Monday, November 16

New Yahoo! Research Demo: Quest for NLP based Q&A exploration

Hugo Zaragoza let me know that Yahoo! research has a new demo out, Quest. Quest is a faceted navigation interface on Q&A data. It lets you browse using key phrases, nouns, and verbs extracted from a dependency parse of the questions.

For their description, you can read the announcement on the Y! Sandbox. The demo uses a set of 8 million Q&A documents from Yahoo! Answers collected in 2007. Here's their description of some of the challenges they faced:
The first one is to select the right "lexical units" of the collection in order to produce meaningful browsing suggestions. The next challenge is to develop interesting list suggestions, on the fly, for whatever query the user may submit. Lastly, we had to invent an interface that would allow users to interact with the suggestions and the results, and enable a natural browsing experience.
They used the DeSR dependency parser to extract terms and phrases and then use a forward index with Archive4J to count and sort the terms in the questions that are returned by a query.
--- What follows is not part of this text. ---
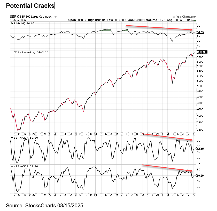 We will keep this fairly simple, but the number of stocks in the S&P 500 that are above their 20- and 50-day moving averages is lower than it was a month ago, even though the S&P 500 has moved higher. We call this a negative divergence and it could be a clue there is weakness under the surface. Additionally, we are seeing other negative divergences from other indicators we follow. Again, this isn’t over-the-top bearish action, but this coupled with the negative seasonal period we are in could suggest a well-deserved break is possible.

I tried it for pasta and then filtered to "pasta salad" I was hoping that some of the nouns would include common ingredients: bacon, chicken, olives, onion, pepperoni, mozzarella cheese, etc... However, most of the nouns/verbs are more general and somewhat redundant given my selected filters. I think the algorithm to select the terms could still be improved.
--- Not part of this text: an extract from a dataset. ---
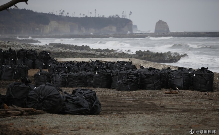 輻射汙染物接著被放進黑色和藍色的袋子中,福島四處都可見到它們的蹤跡,從稻田、停車場甚至是居民後院,都能見到這些藍黑色袋子堆在一塊。

Faceted search interfaces are important browsing tools, and automatically extracting and selecting facets is a challenging problem. It's good to see first steps applying NLP to the task. I look forward to seeing how Quest evolves.

Be sure to check out the Correlator demo if you haven't seen it.

1 comment:

  1. Nice post! I agree that there are issues with term extraction. Also huge issues with the data set. Out of several queries I tried, only a few listed sensible results. :-/